=== WORK TO COMPLETE ===
Give back exactly the lines of the material below that start at the line containing "上の埋め込み内でも使えますが" and end at the line containing "A RESIN CARVED", and no others.

=== LISTED ENTRIES ===
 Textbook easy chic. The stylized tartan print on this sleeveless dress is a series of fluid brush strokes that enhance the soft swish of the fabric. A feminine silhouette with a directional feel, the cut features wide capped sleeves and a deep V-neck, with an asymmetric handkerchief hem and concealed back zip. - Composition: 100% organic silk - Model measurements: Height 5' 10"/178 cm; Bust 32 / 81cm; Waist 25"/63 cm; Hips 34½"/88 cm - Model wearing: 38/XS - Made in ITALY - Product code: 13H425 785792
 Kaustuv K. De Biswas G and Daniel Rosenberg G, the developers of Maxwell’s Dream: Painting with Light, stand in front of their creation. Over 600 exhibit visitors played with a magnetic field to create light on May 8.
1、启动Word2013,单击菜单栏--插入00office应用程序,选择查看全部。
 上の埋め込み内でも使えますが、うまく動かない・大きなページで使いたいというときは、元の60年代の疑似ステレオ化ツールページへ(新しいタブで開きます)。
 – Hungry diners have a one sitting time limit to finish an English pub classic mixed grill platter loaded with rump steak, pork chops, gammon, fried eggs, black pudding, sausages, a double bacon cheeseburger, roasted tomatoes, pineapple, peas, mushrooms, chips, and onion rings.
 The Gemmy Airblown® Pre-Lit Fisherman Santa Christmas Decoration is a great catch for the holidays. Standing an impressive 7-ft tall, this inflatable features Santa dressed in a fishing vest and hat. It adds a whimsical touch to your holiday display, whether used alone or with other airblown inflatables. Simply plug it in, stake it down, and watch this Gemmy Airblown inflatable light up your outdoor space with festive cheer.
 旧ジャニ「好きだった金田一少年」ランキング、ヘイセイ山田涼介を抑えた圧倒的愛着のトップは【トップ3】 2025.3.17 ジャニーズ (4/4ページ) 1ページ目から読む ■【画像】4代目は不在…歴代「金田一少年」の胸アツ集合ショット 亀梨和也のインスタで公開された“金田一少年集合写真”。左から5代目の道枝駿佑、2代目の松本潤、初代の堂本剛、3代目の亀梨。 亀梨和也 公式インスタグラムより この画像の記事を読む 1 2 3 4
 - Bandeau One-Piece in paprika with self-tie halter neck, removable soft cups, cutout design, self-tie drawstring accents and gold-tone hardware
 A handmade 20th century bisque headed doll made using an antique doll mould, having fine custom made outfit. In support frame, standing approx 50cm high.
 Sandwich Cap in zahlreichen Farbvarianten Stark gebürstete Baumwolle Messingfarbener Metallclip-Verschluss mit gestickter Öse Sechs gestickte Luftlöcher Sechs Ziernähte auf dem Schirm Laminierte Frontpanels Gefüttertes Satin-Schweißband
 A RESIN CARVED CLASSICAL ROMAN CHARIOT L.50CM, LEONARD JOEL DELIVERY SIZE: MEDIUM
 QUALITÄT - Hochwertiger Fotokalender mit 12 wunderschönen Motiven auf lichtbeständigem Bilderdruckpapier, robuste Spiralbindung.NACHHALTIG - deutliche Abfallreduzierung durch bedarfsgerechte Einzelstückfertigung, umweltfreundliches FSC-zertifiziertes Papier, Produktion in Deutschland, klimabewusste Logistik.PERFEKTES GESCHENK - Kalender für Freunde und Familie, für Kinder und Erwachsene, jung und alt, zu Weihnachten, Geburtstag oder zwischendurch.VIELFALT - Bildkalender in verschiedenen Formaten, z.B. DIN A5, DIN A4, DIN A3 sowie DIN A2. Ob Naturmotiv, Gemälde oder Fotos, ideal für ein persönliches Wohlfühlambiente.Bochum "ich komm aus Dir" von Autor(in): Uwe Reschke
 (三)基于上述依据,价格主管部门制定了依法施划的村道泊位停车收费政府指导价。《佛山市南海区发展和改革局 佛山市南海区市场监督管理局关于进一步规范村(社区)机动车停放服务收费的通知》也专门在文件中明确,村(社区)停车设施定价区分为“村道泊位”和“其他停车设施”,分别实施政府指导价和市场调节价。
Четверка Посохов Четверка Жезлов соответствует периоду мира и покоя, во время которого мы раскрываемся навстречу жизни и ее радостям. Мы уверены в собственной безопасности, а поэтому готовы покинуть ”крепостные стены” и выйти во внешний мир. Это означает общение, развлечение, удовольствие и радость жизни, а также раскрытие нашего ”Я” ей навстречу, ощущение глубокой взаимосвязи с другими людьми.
--
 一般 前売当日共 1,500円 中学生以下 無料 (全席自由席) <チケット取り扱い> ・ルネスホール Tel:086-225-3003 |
...
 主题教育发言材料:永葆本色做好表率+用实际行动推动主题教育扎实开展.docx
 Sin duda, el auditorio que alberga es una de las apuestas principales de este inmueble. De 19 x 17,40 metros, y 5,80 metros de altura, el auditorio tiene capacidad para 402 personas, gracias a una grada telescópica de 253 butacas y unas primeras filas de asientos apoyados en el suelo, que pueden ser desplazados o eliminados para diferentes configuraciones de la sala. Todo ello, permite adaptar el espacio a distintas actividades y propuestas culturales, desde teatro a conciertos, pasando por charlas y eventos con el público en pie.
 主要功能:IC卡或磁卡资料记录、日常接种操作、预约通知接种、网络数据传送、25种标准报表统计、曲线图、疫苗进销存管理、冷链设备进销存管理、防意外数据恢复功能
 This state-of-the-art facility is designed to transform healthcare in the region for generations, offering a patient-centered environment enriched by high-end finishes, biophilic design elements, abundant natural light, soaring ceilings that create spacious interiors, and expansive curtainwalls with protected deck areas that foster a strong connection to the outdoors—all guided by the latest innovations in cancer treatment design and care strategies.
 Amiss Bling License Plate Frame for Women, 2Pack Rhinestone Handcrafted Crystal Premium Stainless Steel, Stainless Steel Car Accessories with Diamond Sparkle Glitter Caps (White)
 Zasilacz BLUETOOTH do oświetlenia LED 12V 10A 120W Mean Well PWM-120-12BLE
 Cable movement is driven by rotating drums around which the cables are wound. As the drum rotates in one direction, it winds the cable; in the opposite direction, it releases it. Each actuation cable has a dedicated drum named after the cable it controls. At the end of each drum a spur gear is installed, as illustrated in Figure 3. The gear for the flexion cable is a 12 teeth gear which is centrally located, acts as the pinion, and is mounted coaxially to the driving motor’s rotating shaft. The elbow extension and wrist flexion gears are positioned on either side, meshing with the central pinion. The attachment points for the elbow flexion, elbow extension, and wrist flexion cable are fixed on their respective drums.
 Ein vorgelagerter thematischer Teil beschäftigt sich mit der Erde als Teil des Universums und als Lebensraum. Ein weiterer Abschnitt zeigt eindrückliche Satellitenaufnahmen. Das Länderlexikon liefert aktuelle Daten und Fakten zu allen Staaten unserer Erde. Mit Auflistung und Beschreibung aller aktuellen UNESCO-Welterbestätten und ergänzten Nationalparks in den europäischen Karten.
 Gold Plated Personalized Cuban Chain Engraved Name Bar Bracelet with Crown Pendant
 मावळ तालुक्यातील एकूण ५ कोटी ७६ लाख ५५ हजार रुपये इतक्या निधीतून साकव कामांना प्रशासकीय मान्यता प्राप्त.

=== SOLUTION FOR THIS PROBLEM ===
 上の埋め込み内でも使えますが、うまく動かない・大きなページで使いたいというときは、元の60年代の疑似ステレオ化ツールページへ(新しいタブで開きます)。
 – Hungry diners have a one sitting time limit to finish an English pub classic mixed grill platter loaded with rump steak, pork chops, gammon, fried eggs, black pudding, sausages, a double bacon cheeseburger, roasted tomatoes, pineapple, peas, mushrooms, chips, and onion rings.
 The Gemmy Airblown® Pre-Lit Fisherman Santa Christmas Decoration is a great catch for the holidays. Standing an impressive 7-ft tall, this inflatable features Santa dressed in a fishing vest and hat. It adds a whimsical touch to your holiday display, whether used alone or with other airblown inflatables. Simply plug it in, stake it down, and watch this Gemmy Airblown inflatable light up your outdoor space with festive cheer.
 旧ジャニ「好きだった金田一少年」ランキング、ヘイセイ山田涼介を抑えた圧倒的愛着のトップは【トップ3】 2025.3.17 ジャニーズ (4/4ページ) 1ページ目から読む ■【画像】4代目は不在…歴代「金田一少年」の胸アツ集合ショット 亀梨和也のインスタで公開された“金田一少年集合写真”。左から5代目の道枝駿佑、2代目の松本潤、初代の堂本剛、3代目の亀梨。 亀梨和也 公式インスタグラムより この画像の記事を読む 1 2 3 4
 - Bandeau One-Piece in paprika with self-tie halter neck, removable soft cups, cutout design, self-tie drawstring accents and gold-tone hardware
 A handmade 20th century bisque headed doll made using an antique doll mould, having fine custom made outfit. In support frame, standing approx 50cm high.
 Sandwich Cap in zahlreichen Farbvarianten Stark gebürstete Baumwolle Messingfarbener Metallclip-Verschluss mit gestickter Öse Sechs gestickte Luftlöcher Sechs Ziernähte auf dem Schirm Laminierte Frontpanels Gefüttertes Satin-Schweißband
 A RESIN CARVED CLASSICAL ROMAN CHARIOT L.50CM, LEONARD JOEL DELIVERY SIZE: MEDIUM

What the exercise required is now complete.